Question

A right triangle \(ABC\)is given with\(\angle A = \theta \)and\(|AC| = b\).\(CD\)is drawn perpendicular to\(AB,DE\)is drawn perpendicular to\(BC,EF \bot AB\),and this process is continued indefinitely as shown in the figure. Find the total length of all the perpendiculars.

\(\left| {CD} \right| + \left| {DE} \right| + \left| {EF} \right| + \left| {FG} \right| + ....\)

In terms of\(b\)and\(\theta \).

Short answer

The total length of all the perpendiculars is \(\frac{b}{{1 - \sin \theta }}\).

Step-by-step solution

Determine the values

Here, we have to find the sum of the sequence of perpendiculars of the given figure.

We have a side value \(b\) and angle \(\theta \).

We have to find \(\left| {CD} \right| + \left| {DE} \right| + \left| {EF} \right| + \left| {FG} \right| + ....\)

To find \(\left| {CD} \right|\)

In a triangle \(ADC\), \(\sin \left( \theta \right) = \frac{{\left| {CD} \right|}}{b}\)

\( \Rightarrow \left| {CD} \right| = b\sin \left( \theta \right)\)

Thus, the Value of \(\left| {CD} \right|\)in terms of \(b\)and\(\theta \).

To find \(\left| {DE} \right|\)

Now, notice that \(\theta \)appears many other places in the following figure.

Since \(AC\)and\(DC\)are parallel, ṣ\(\angle ACD = \angle EDC\). Then, we also have \(\angle EDC = \theta \).

And, we know that \(EDC\)is a right-triangle.

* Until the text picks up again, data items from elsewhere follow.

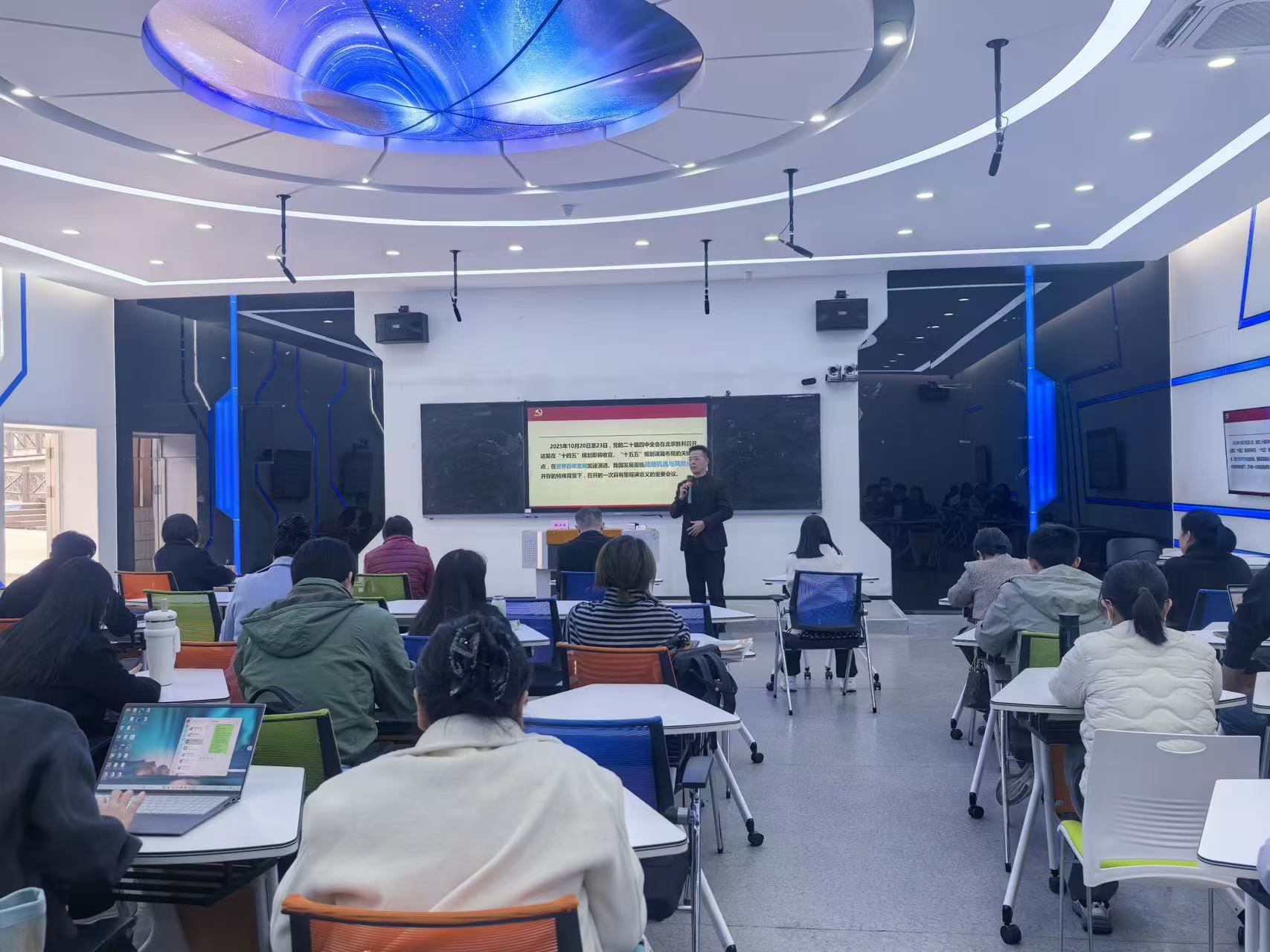 通过此次专题辅导报告,全院教职工和学生党员对党的二十届四中全会精神有了更为深刻的理解和认识。会议强调,当前学院正在编制“十五五”规划,希望全体教职工以此次宣讲为契机,切实把思想和行动统一到党中央决策部署上来,把学习成果转化为编制学院“十五五”规划的生动实践,转化为干事创业的强大动力!大家纷纷表示,将以此次学习为契机,把全会精神转化为推动工作和学习的强大动力,立足本职岗位,努力拼搏奋斗,为学校和学院事业的高质量发展贡献力量。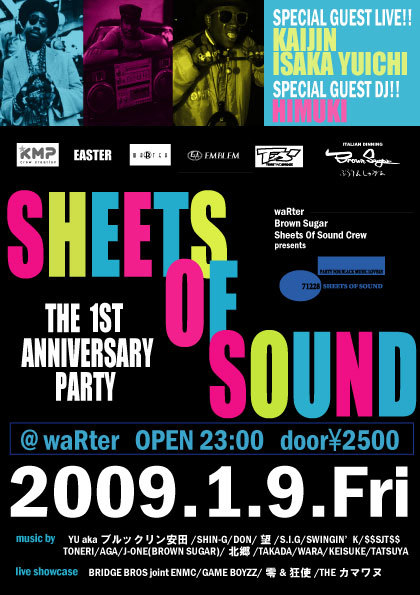 来る、2009年1月9日に、南柏waRterにて『SHEETS OF SOUND』の一周年イベントが開催されます。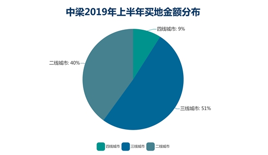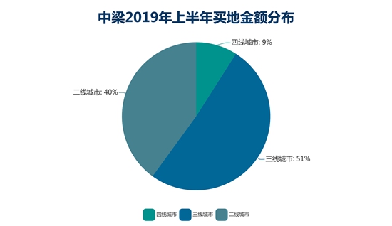 中梁在2019年上半年首次進(jìn)入了18個(gè)新城市,獲取了70個(gè)項(xiàng)目,其中包含了西安、天津、南京、南昌、福州、貴陽、大連等多個(gè)二線城市,買地金額達(dá)到320億,二線占比達(dá)到40%,三線占比51%,總建面814萬平方米,新增貨值940億元,平均地價(jià)僅為3900元/平方米。
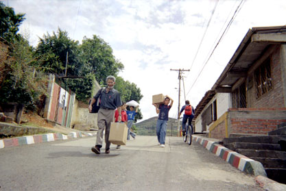 Toma en contrapicado. Exterior día. Toma de familia en trasteo. Primer plano de calle con paralelismo lineal. Ciclista en contraplano asciende cuesta.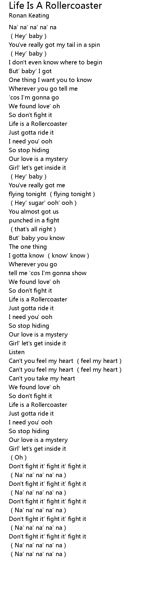 | 歌曲 | Life Is A Rollercoaster |

So, we can fill in\(\theta \)for all the corresponding angles of the smaller triangles.

Consider the triangle \(CDE\), we have

\(\begin{aligned}\sin \left( \theta \right) = \frac{{\left| {DE} \right|}}{{\left| {CD} \right|}}\\\left| {DE} \right| = \left| {CD} \right|\sin \left( \theta \right)\\ = b{\sin ^2}\left( \theta \right)\end{aligned}\)

Since \(CD = b\sin \left( \theta \right)\)

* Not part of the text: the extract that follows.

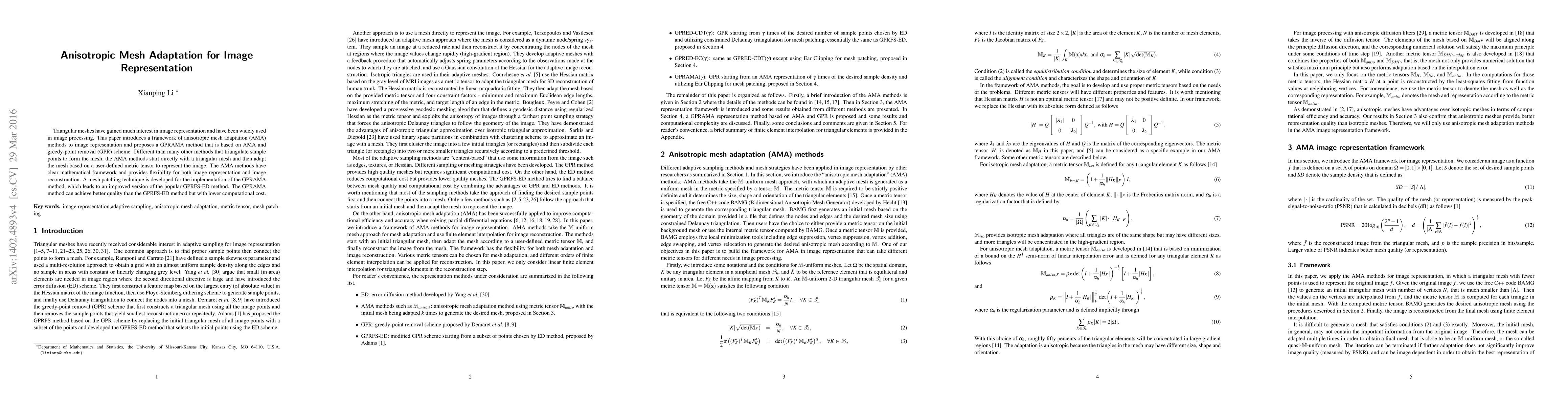 This paper presents anisotropic mesh adaptation (AMA) methods for image representation, introducing a GPRAMA method based on AMA and a greedy-point removal scheme. Unlike traditional triangulation methods, AMA starts with a triangular mesh and adapts it using a metric tensor, offering flexibility and improved image reconstruction. The GPRAMA method enhances the GPRFS-ED method with mesh patching, achieving better quality at lower computational costs.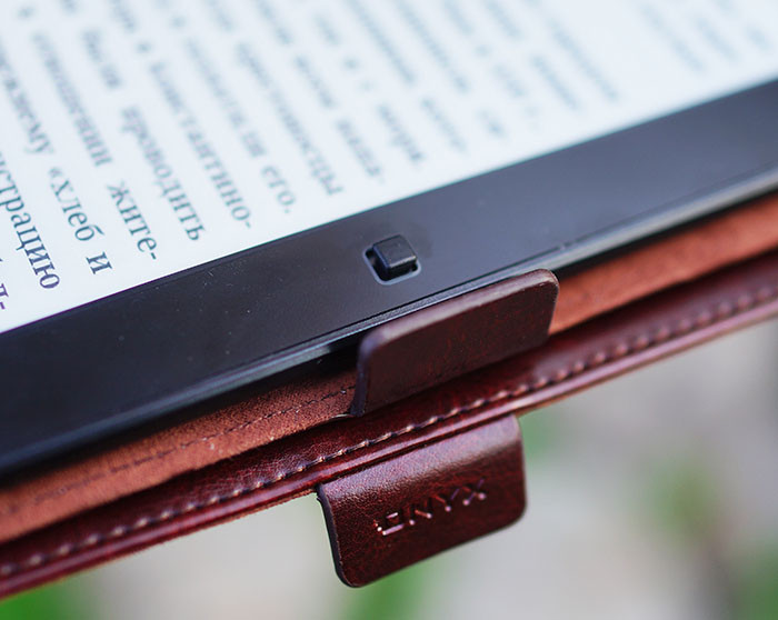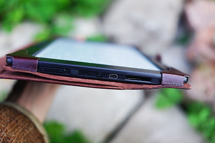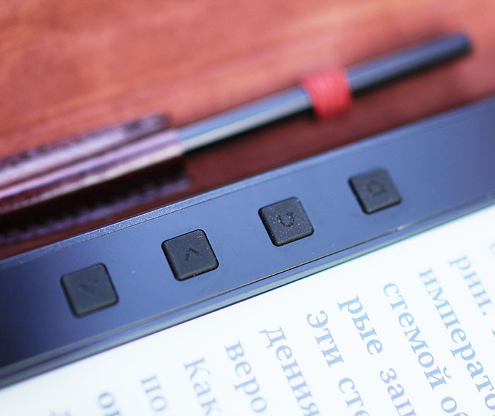 Впрочем, для тех, кому хочется «теплого аналогового» управления, традиционные кнопки также есть, причем в довольно большом количестве, что редкость для такого типа устройств. Так, к примеру, листать страницы можно не только кнопками на лицевой панели, но и двухпозиционной клавишей (для удобства в альбомном режиме), расположенной на нижнем торце устройства. В руки аппарат ложится уверенно. Но если лень держать его, то благодаря функциональной обложке устройство можно установить на стол в планшетном положении.

Finding the geometric sequence

In general, If \({a_n}\)and \({a_{n + 1}}\) are the lengths of the \({n^{th}}\) and \({\left( {n + 1} \right)^{th}}\) perpendiculars, we have

\(\begin{aligned}{l}\sin \left( \theta \right) = \frac{{{a_{n + 1}}}}{{{a_n}}}\\{a_{n + 1}} = {a_n}\sin (\theta )\end{aligned}\)

From the above expression it is show that each perpendicular length has an increasing factor of \(\sin \left( \theta \right)\).

Thus, the geometric series will be in the form of

\(\begin{aligned}\left| {CD} \right| + \left| {DE} \right| + \left| {EF} \right| + .... = b\sin \left( \theta \right) + b{\sin ^2}\left( \theta \right) + b{\sin ^3}\left( \theta \right) + .....\\ \Rightarrow b\left( {\sin \theta + {{\sin }^2}\theta + {{\sin }^3}\theta + ....} \right)\\ = \sum\limits_{n = 1}^\infty {b.{{\sin }^{n - 1}}\left( \theta \right)} \end{aligned}\)

Here, the geometric series formula is\({s_\infty } = \frac{a}{{1 - r}}\)where\(a = b\)and\(r = \sin \theta \)

Substitute the values into the series formula, we get\(\frac{b}{{1 - \sin \theta }}\)

Therefore, the total length of all the perpendiculars is given by the geometric series\(\frac{b}{{1 - \sin \theta }}\).